Bioinformatics Tool-Related Papers of Note, May 2010
Note: In addition to the below listing, papers for Nucleic Acids Research's annual web server issue are available here.
Baumgartner C, Lewis GD, Netzer M, Pfeifer B, Gerszten RE. A new data mining approach for profiling and categorizing kinetic patterns of metabolic biomarkers after myocardial injury. [Bioinformatics. 2010 May 18. (e-pub ahead of print)]: Discusses a new feature-selection method to identify metabolites of high predictive value in MS/MS data. The method categorizes metabolic signatures into three classes of weak, moderate, and strong predictors that can be applied to both paired and unpaired samples, according to the abstract. The approach "outperformed standard null-hypothesis significance testing and other popular methods for feature selection in terms of the area under the ROC curve and the product of sensitivity and specificity," the authors state. Available here.

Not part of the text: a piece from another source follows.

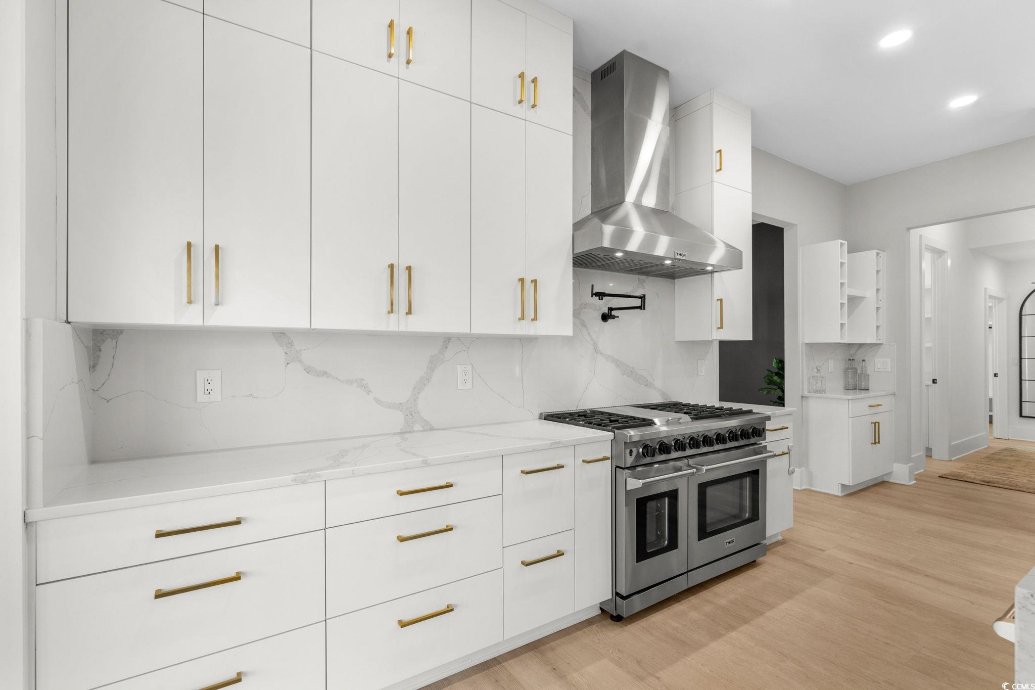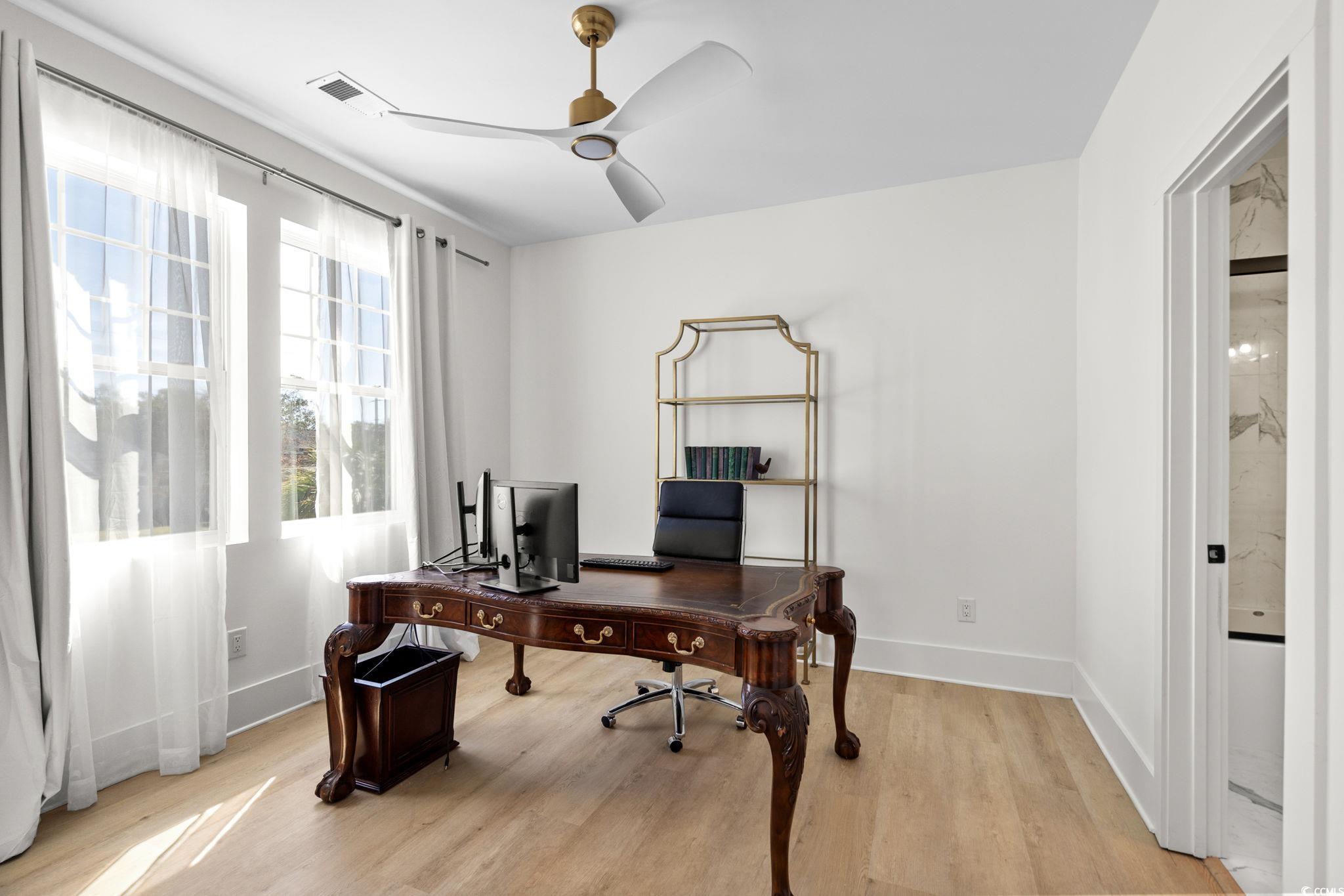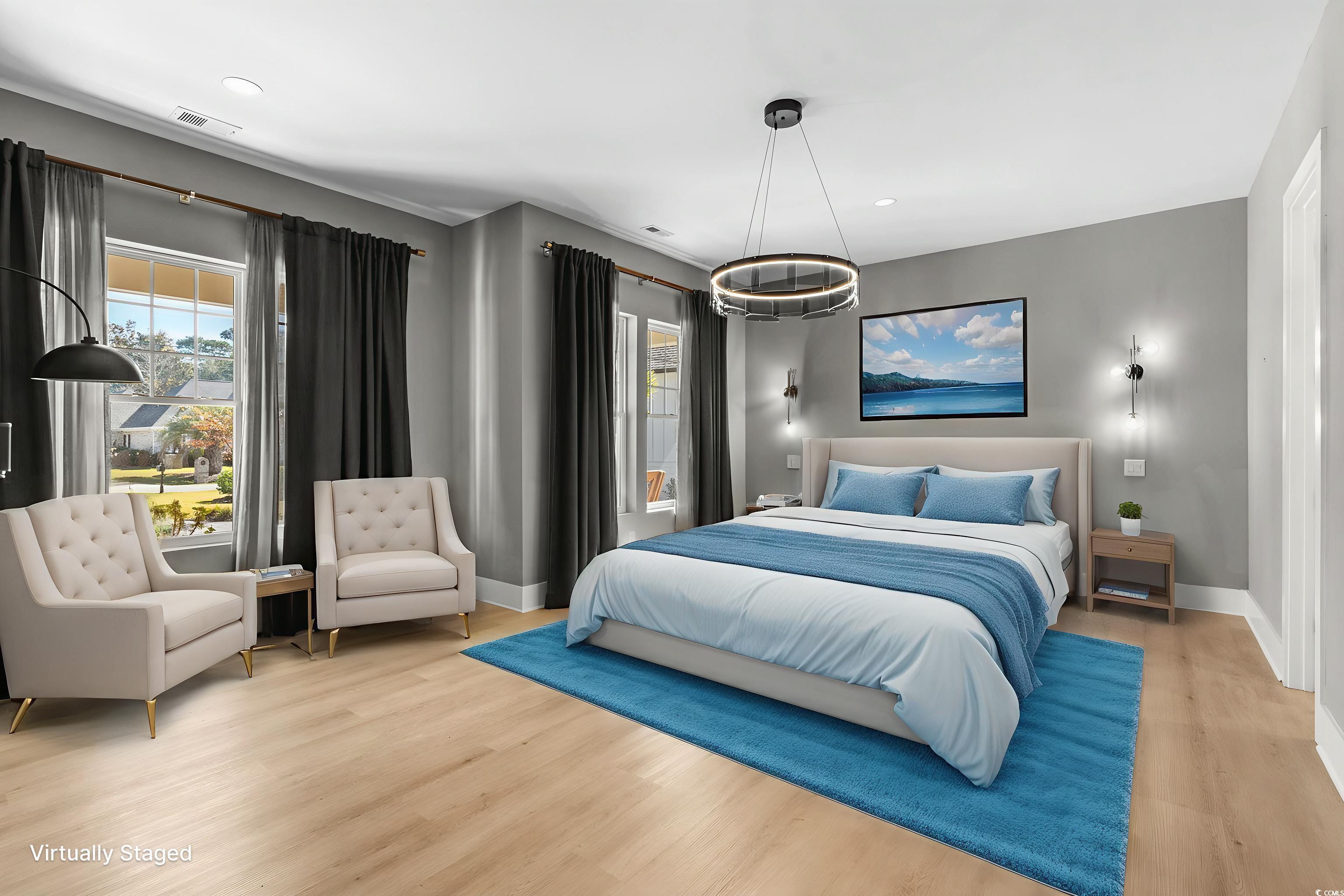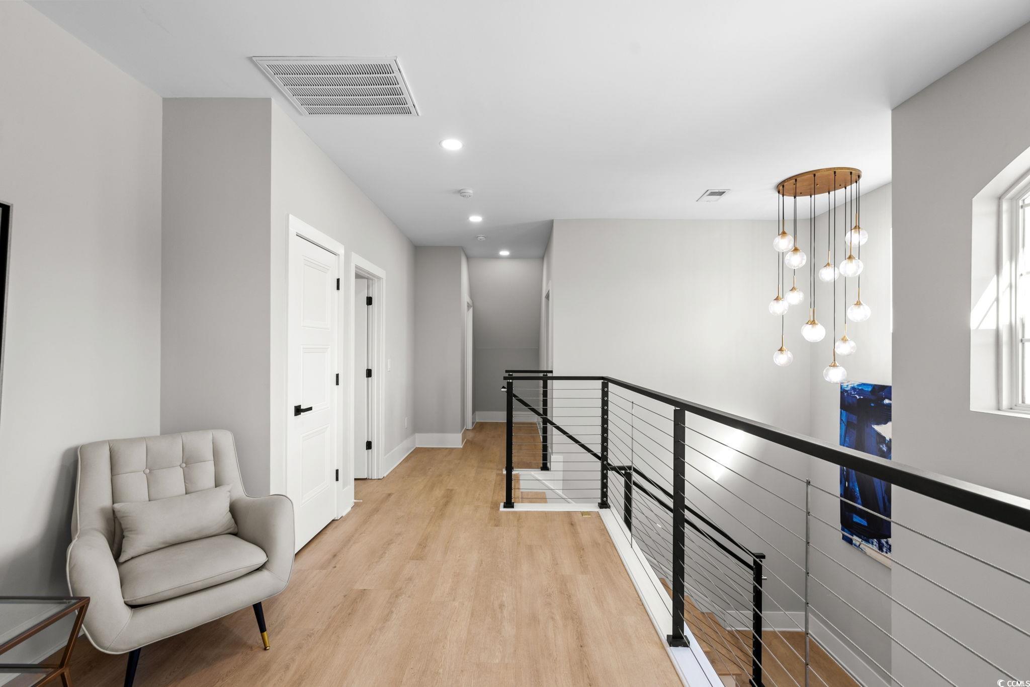 Situated in the prestigious and historic Pine Lakes Country Club, this custom-built residence blends timeless architecture with modern sophistication. Every detail reflects quality craftsmanship, from the soaring ceilings and expansive windows to the marble fireplace that anchors the grand living area. The designer kitchen is both striking and functional, featuring sleek white cabinetry, quartz countertops, and a bold navy island accented with gold hardware. Professional-grade stainless appliances, double ovens, a pot filler, and a walk-in pantry create the perfect balance between elegance and practicality. The primary suite on the main level offers a tranquil retreat with a spa-inspired bath, freestanding tub, spacious shower, and dual vanities. Upstairs, four additional bedrooms and three full baths provide comfort and flexibility. The fifth bedroom is exceptionally large, allowing for a private living area, home theater, fitness space, or multi-use room. The covered patio opens to a beautifully landscaped yard, ideal for relaxing or entertaining. Located minutes from the beach, fine dining, shopping, and entertainment, this home embodies the best of luxury living in one of Myrtle Beach’s most distinguished communities.

Bourgon R, Gentleman R, Huber W. Independent filtering increases detection power for high-throughput experiments. [Proc Natl Acad Sci USA. 2010 May 25;107(21):9546-51]: According to the paper's abstract, variable-by-variable statistical testing, which is often used to select variables whose behavior differs across conditions in high-dimensional data sets, "requires adjustment for multiple testing, which can result in low statistical power." In response, the authors developed a two-stage approach that first filters variables by a criterion independent of the test statistic, and then only tests variables that pass the filter. In particular, they introduce filter/test statistics pairs that do not lead to the loss of type I error control. In an application to microarray data, the authors found that their approach increased the number of discoveries by 50 percent.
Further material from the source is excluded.